Kini setelah Prancis menuduh pendiri Telegram gagal mencegah aktivitas ilegal di platformnya, raksasa teknologi lain mungkin punya alasan untuk mempertimbangkan kebijakan terbang ke Eropa.
Pavel Durov, kelahiran Rusia, dituduh melakukan “konspirasi” untuk mengoperasikan platform online yang mengizinkan transaksi ilegal, gambar pelecehan seksual terhadap anak-anak, dan konten ilegal lainnya.
Hal ini “belum pernah terjadi sebelumnya” bahwa seseorang dapat dimintai pertanggungjawaban pidana atas tindakan yang dipilih oleh pengguna platform teknologi, kata seorang pengacara Prancis kepada AFP.
Disadari atau tidak, aplikasi obrolan seperti Telegram – yang diklaim memiliki lebih dari 900 juta pengguna – hampir pasti mengandung konten ilegal, kata para ahli kepada AFP.
“Jelas jika mereka terus melanjutkan proses hukum terhadap Pavel Durov, platform lain mana pun bisa terkena ancaman yang sama,” kata pengacara Guillaume Martin kepada AFP.
Namun, gagasan penangkapan pemilik X Musk atau Mark Zuckerberg, yang grup Meta-nya termasuk Facebook dan WhatsApp, di Eropa masih di luar kemungkinan.
“Saya akan sangat terkejut jika ada negara anggota UE, termasuk Prancis, yang menangkap Elon Musk atas tuduhan serupa,” kata Jan Penfrat dari kelompok advokasi Hak Digital Eropa (EDRi) kepada AFP.
“Tetapi sekali lagi, saya juga terkejut mereka menangkap Durov.”
Meskipun membandingkan platform-platform tersebut terlihat menarik – seperti para pesaingnya, Telegram tidak berbasis di Prancis, dan Durov adalah sekutu Musk – ada perbedaan utama.

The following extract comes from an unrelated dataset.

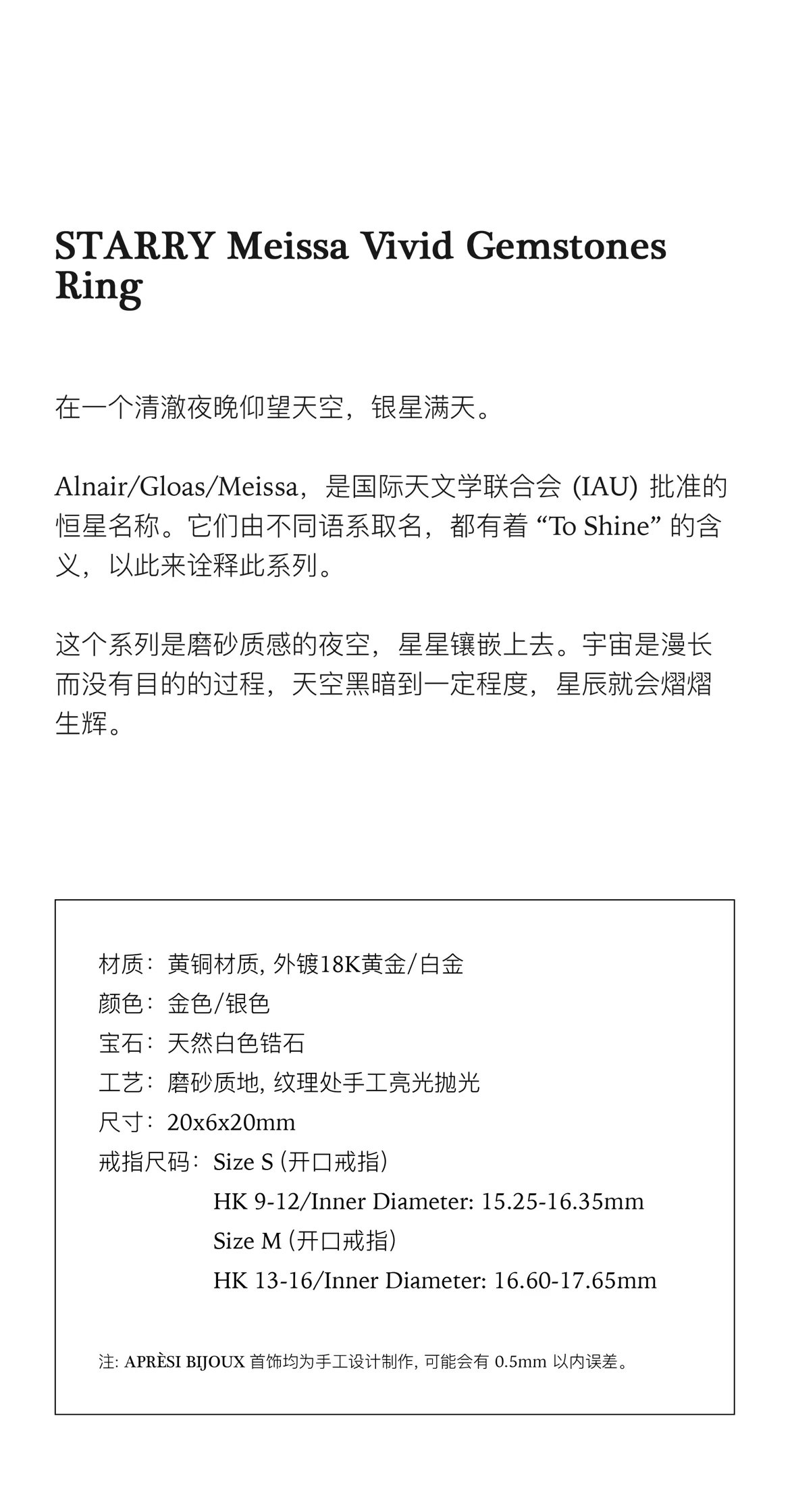 APRESI|窄版STARRY Meissa Vivid Gemstones Ring [星辰开口戒指]

Pertama, Durov adalah warga negara Perancis, yang membuatnya lebih mungkin menjadi target Perancis.
Dan, terlepas dari sikap Musk yang sangat ekstrim dalam kebebasan berpendapat, dia secara umum mematuhi perintah pemerintah untuk menutup X, platform sosial yang sebelumnya dikenal sebagai Twitter.
Namun pada prinsipnya Telegram menolaknya.

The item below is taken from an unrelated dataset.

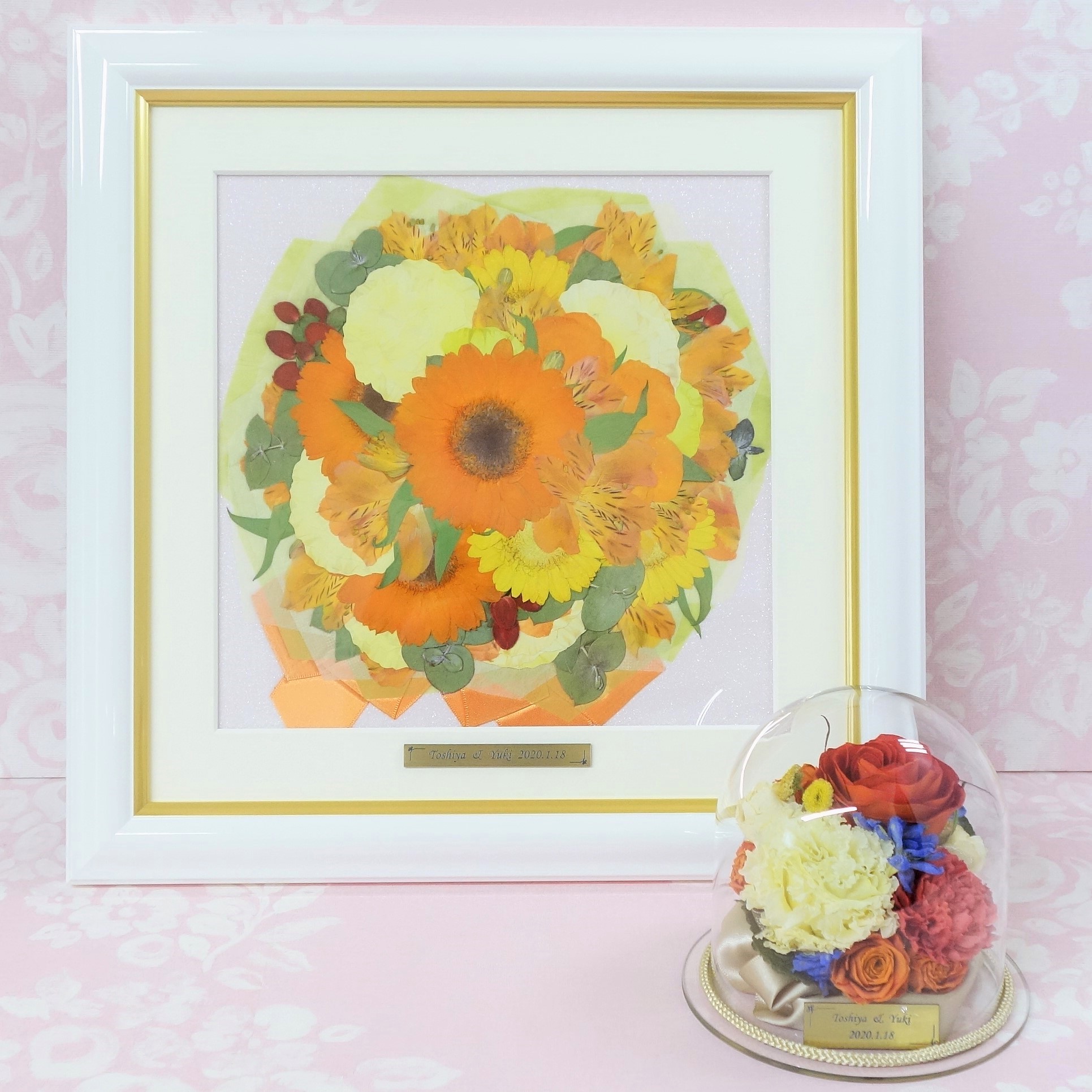 【オレンジや黄色のガーベラで纏められたブーケとオレンジ系のバラで纏められたブーケ 保存加工内容】

“Memang benar bahwa kerja sama Telegram, jika ada, sangat terbatas,” kata Alexandre Lazaregue, seorang pengacara hak cipta digital.
“Mereka tidak menanggapi surat, tidak menanggapi panggilan pengadilan, mereka bahkan tidak memiliki perwakilan hukum di pengadilan…sedangkan Facebook, Twitter, dll. masih memiliki pengacara terkenal di Paris.”
Penfrat mengatakan perbandingan dengan layanan seperti Signal atau WhatsApp juga menyesatkan karena dienkripsi secara default, tidak seperti Telegram.
Jadi Signal dan WhatsApp bisa bilang, 'Kami bekerja sama, hanya saja kami tidak punya pesan,'' ujarnya.
“Tetapi Telegram berkata: 'Ya, kami dapat memberi Anda semua informasi ini karena tersedia dalam bentuk teks biasa di server kami, tapi maaf, kami tidak akan melakukan itu.'”
Sikap khusus Durov dan Telegram menunjukkan bahwa raksasa teknologi lainnya tidak perlu khawatir.
Namun Penfrat mengaku khawatir tindakan terhadap Telegram dapat digunakan sebagai preseden untuk menindak layanan enkripsi lainnya.
Lembaga penegak hukum di seluruh dunia telah lama berpendapat bahwa mereka memerlukan akses terhadap pesan terenkripsi untuk mencegah aktivitas kriminal.
Namun layanan seperti WhatsApp dan Signal melawan, dengan mengatakan bahwa satu-satunya solusi adalah melarang enkripsi.
“Melihat tuduhan-tuduhan ini benar-benar menimbulkan banyak tanda bahaya, terkesan acak dan tidak terlalu meyakinkan,” kata Penfract. Menurutnya, ini seperti mencoba menyalahkan pembuat pisau atas penikaman.
Pengacara Martine mengatakan akan “sangat berbahaya” jika mencoba meminta pertanggungjawaban Telegram atas tindakan penggunanya, dan menyamakannya dengan menuntut Europcar karena menyewakan kendaraan kepada pengedar narkoba.
Lazareg menyimpulkan bahwa dakwaan terhadap Durov mendorong definisi hukum “kolusi” hingga mencapai batasnya.
“Untuk dinyatakan bersalah melakukan konspirasi, Anda tetap harus menyadari bahwa ada kejahatan yang sedang terjadi dan berniat untuk mengambil bagian di dalamnya,” katanya.